Prague will close one of its reception centers for refugees from Ukraine to force them to move to other Czech regions after exceeding the limit of the capital’s reception capacity, announced Monday the mayor of the metropolis, the Pirate Party politician, Zdenek Hrib.
The mayor had given the Czech government an ultimatum to present before May 17 a plan for “fair redistribution” throughout the country of people who arrive escaping Russian aggression in Ukraine, warning that otherwise the center would be closed. host.
“Between Prague and other regions there are differences of up to four times in the number of refugees per thousand inhabitants,” Hrib stressed today, referring to the saturation of accommodation capacities for these refugees in Prague, where families and children spend the night at the station railway station.
Several NGOs that assist those fleeing from the war have been denouncing the unworthy conditions in the corridors of the important railway junction for days.
To ease the tense situation there, the first refugee tent camp, with an initial capacity of 150 beds, was inaugurated last Saturday in the capital’s Troja district.
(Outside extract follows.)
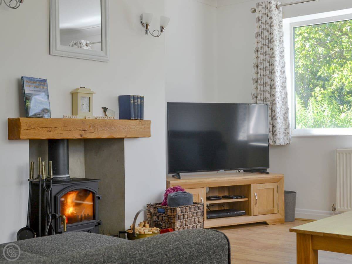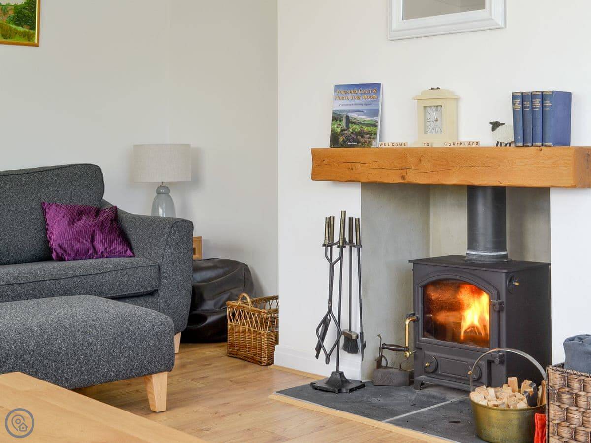 There's a wood burner in the living room. The sun room at the front gets the light. The kitchen has what you need, including a dishwasher and washing machine.

In Prague there are currently 59.6 refugees per 1,000 inhabitants, above Brno, the country’s second largest city, with 43.9.
The Czech Republic, a country of 10.7 million inhabitants, a member of the European Union and NATO that has so far granted 320,000 special visas to refugees from the country at war, registers a non-uniform distribution of the migratory wave.
That visa allows them to reside there until March 31, 2023, and the State provides housing assistance, medical insurance or free access to the labor market to people who arrive fleeing Russian aggression.
Of those who arrived, 85% are women and children, while among adults, women are three times more than men, according to data from the Czech Ministry of the Interior.